Too-fast-to-regulate laws: Here I’m thinking of the laws governing technologies that operate too fast, in too-tight, too-local feedback loops, for humans to directly regulate without slowing them down to uselessness. Robotics is the big class here, starting with self-driving cars. We’re almost ready to start trying out Asimovian robotics laws for real.
All these classes of technological phenomena exhibit lawful and highly valuable behaviors that satisfy the definition of New Nature fairly strongly, and much more strongly than any technology from 50 years ago. Not coincidentally, they’re all powered by computers. New Nature is computation-based.
This means the slogan code is law, which used to be interpreted in a narrow way with reference to blockchains, ought to be broadened in scope. Code is law can be true of many kinds of code, with the inviolability/immutability/persistence secured by factors besides unbreakable encryption. Illegible emergence and high-speed dynamics can also underwrite new nature.
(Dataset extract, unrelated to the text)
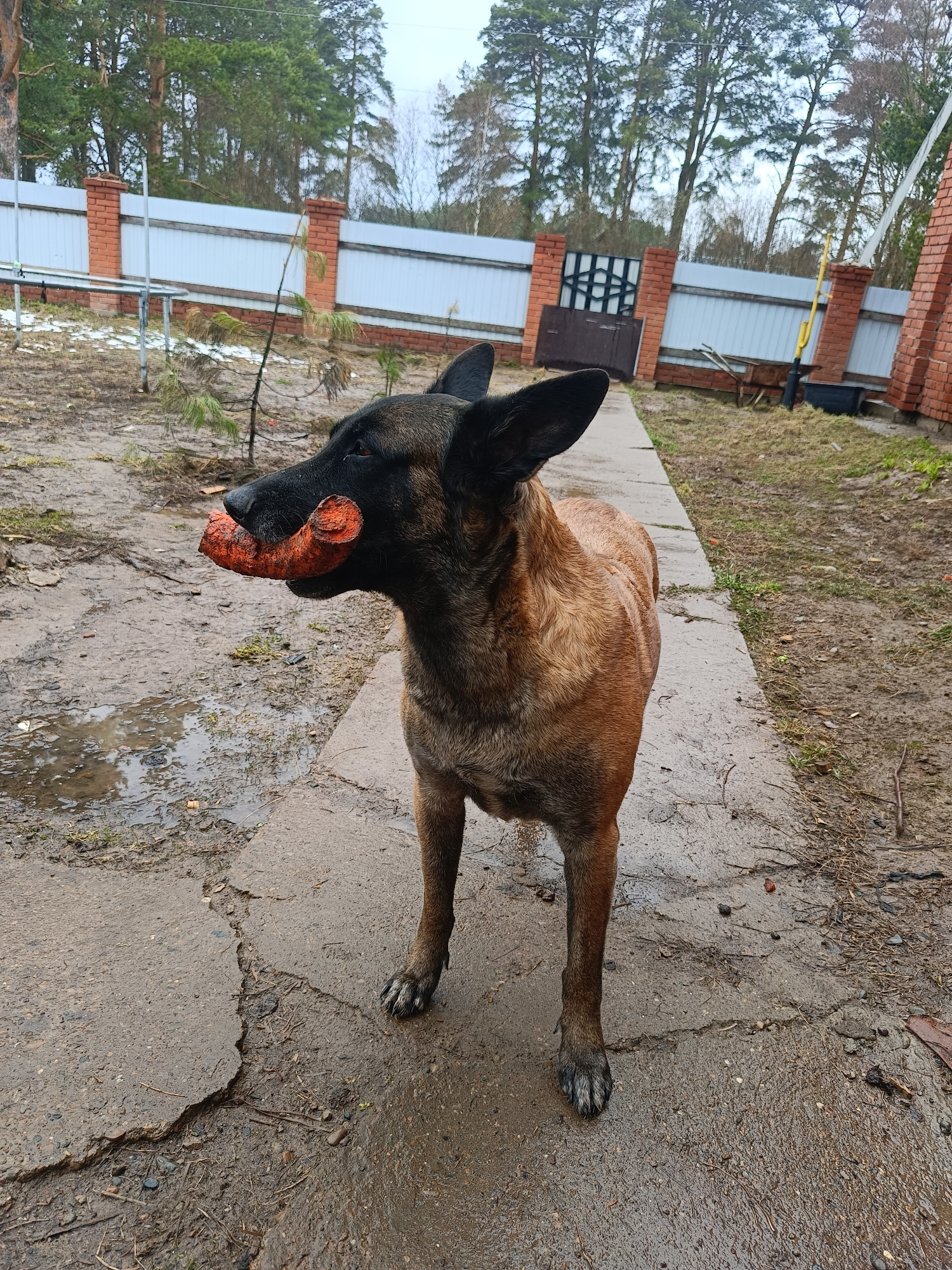 A tan Belgian Malinois dog stands on a cracked concrete path, holding an orange object in its mouth. The ground is muddy with small puddles. A white and red brick fence runs along the back of the scen…read more
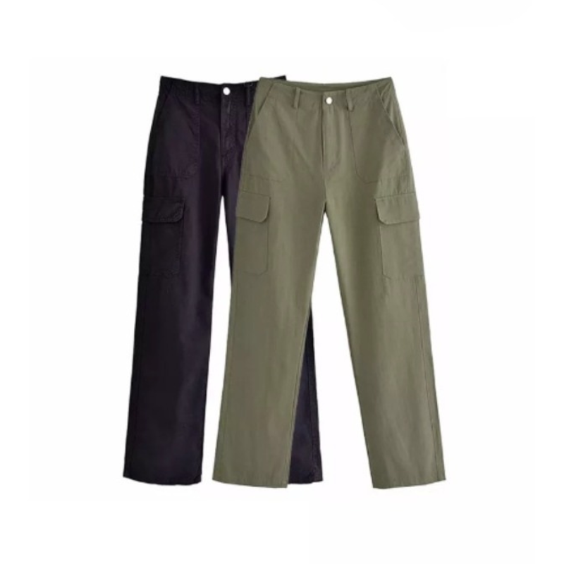 Stylish Side Patch Pockets Straight Cargo Pants

So long as some significant subset of humans want the benefits of the technology badly enough, it will emerge, and obey its own code-based New Nature laws.
I’m becoming a hardliner on the value of this, and increasingly have no patience for arguments that technology must always be subject to human regulation, overrides, etc.
Quite the opposite.
It is imperative that we make a lot more New Nature of many varieties, because it is becoming quite clear that those who believe in the power of human wisdom as a regulatory force systematically fail to recognize a fundamental law, perhaps the central dogma of New Nature:
Central Dogma of New Nature: There is no way to create mechanisms for wise and enlightened human regulation of a technology without also creating attack surfaces for capture and enclosure in service of the worst abuses of that technology.
And to the extent most technologies preferentially attach to power, lofty don’t be evil sentiments shaping laws with too much room for human discretion invariably yield to the reality of power corrupts, and absolute power corrupts absolutely.
I’d rather have a bunch of can’t-be-evil capture-resistant technologies running amok, in the hands of lots of uncoordinated average humans with average morality, than a bunch of captured death stars that began as lofty ideals and ended up weaponized by and for the worst of humanity.